A study published in the December 15, 2008 issue of the Journal of Clinical Sleep Medicine suggests that screening patients with Type 2 diabetes for obstructive sleep apnea (OSA) and treating those who have obstructive sleep apnea with continuous positive airway pressure (CPAP) and bi-level positive airway pressure (bi-level/BiPAP), or generically xPAP, therapy could improve the management of their hyperglycemia and might favorably influence their long-term prognosis.
According to Arthur Dawson, M.D., division of Chest and Critical Care Medicine, Scripps Clinic Sleep Center, La Jolla, California, it is not surprising that many diabetics have sleep apnea since Type 2 diabetes and obstructive sleep apnea are both conditions that are becoming much more common because of the obesity epidemic.
"The low blood oxygen level and the arousals associated with an apneic event activate the sympathetic nervous system and cause the release of stress hormones, both of which tend to raise the blood glucose. If we could prevent these apneic events with CPAP or bi-level/BiPAP, then we might keep the glucose level lower and more stable through the night," said Dawson.
For the study, 20 patients with Type 2 diabetes who were on a stable diabetic regime were recruited at the time of their initial consultation with a sleep physician. All participants were newly diagnosed with moderate to severe obstructive sleep apnea, and none had any previous experience with CPAP or bi-level positive airway pressure/BiPAP".
Glucose level was monitored with a continuous glucose monitoring system (CGMS) over a period of 36 hours, which included a night in a sleep laboratory for evaluation by polysomnography. On the first night of the study, patients’ obstructive sleep apnea was untreated.
A second night of glucose monitoring and sleep recording was done after the participants had been on xPAP therapy for a duration of one-to-three months. No changes were made in participants’ diets or medication for diabetes throughout the study.
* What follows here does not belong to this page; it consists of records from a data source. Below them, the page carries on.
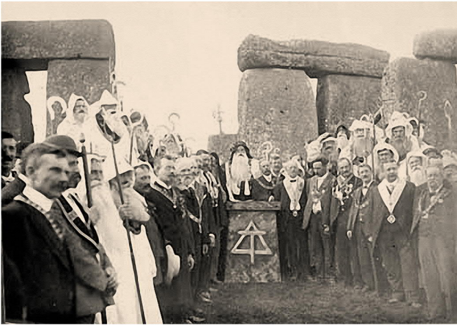
De Ancient Order of Druids aan een geïmproviseerd altaar in de cirkel van Stonehenge (foto dateert 1905)

De A.O.D. was de eerste vereniging die sinds 1905 regelmatig bijeenkwam in Stonehenge. Daar voerden ze allerlei rituelen uit zoals oa. tijdens de zomerzonnewende, de langste dag van het jaar.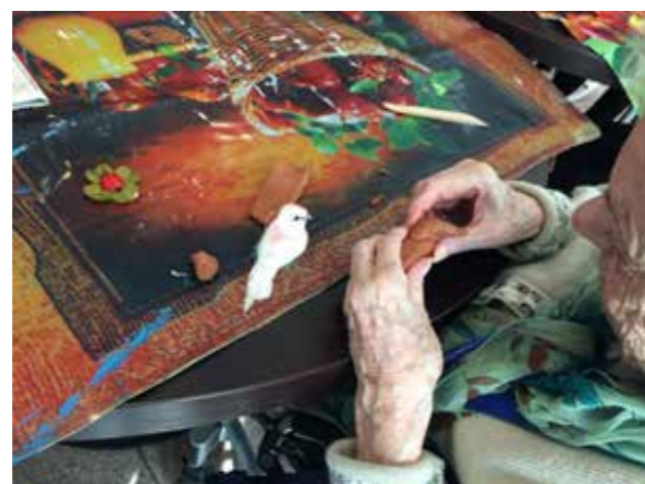
atelier modelage Résidence Marie à Bagnolet

D'autres ateliers sont actuellement en projet, touchant notamment à l'expression écrite et au théâtre.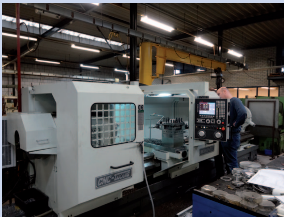
De Takang TNC890A stelt Hamers Metaalbewerking in staat om werkstukken met een lengte van 4 m en een diameter tot 900 mm te bewerken. Met deze capaciteitsuitbreiding kan Hamers nieuwe klanten en aanvragen werven

bank uit laten voeren met een grotere doorlaat van 155 mm in plaats van de 103 mm die standaard wordt geleverd. Verder heeft de Takang een vierslags-turret en is het tegencentereenvoudig te verplaatsen. Bijzonder is de gereedschapshouder die Hamers zelf heeft ontwikkeld. Met deze oplossing kunnen er acht gereedschappen binnen 0,001 mm opgespannen worden, waardoor een snelle en nauwkeurige gereedschapswissel mogelijk is. De TNC890A is voorzien van een 22 kW motor en behaalt een maximaal toerental van 1.000 min -1 . Hiermee kunnen werkstukken met een omloopdiameter tot 900 mm bewerkt worden.

Results showed that in a group of 20 patients with Type 2 diabetes who were mostly obese and were newly diagnosed with obstructive sleep apnea, sleeping and nocturnal hyperglycemia were reduced and the sleeping interstitial glucose level was less variable during xPAP treatment.
The average glucose level during sleep decreased by approximately 20mg/dL after an average of 41 days of xPAP. The sleeping glucose also was more stable after treatment, with the median standard deviation decreasing from 20.0 to 13.0 and the mean difference between maximum and minimum values decreasing from 88 to 57.
The authors believe that recognizing and treating obstructive sleep apnea could improve the outlook for diabetics who also suffer from obstructive sleep apnea. Researchers involved in this study theorized that by using the CGMS they were able to pick up short-term changes in the glucose level that would not be detected by traditional measurements.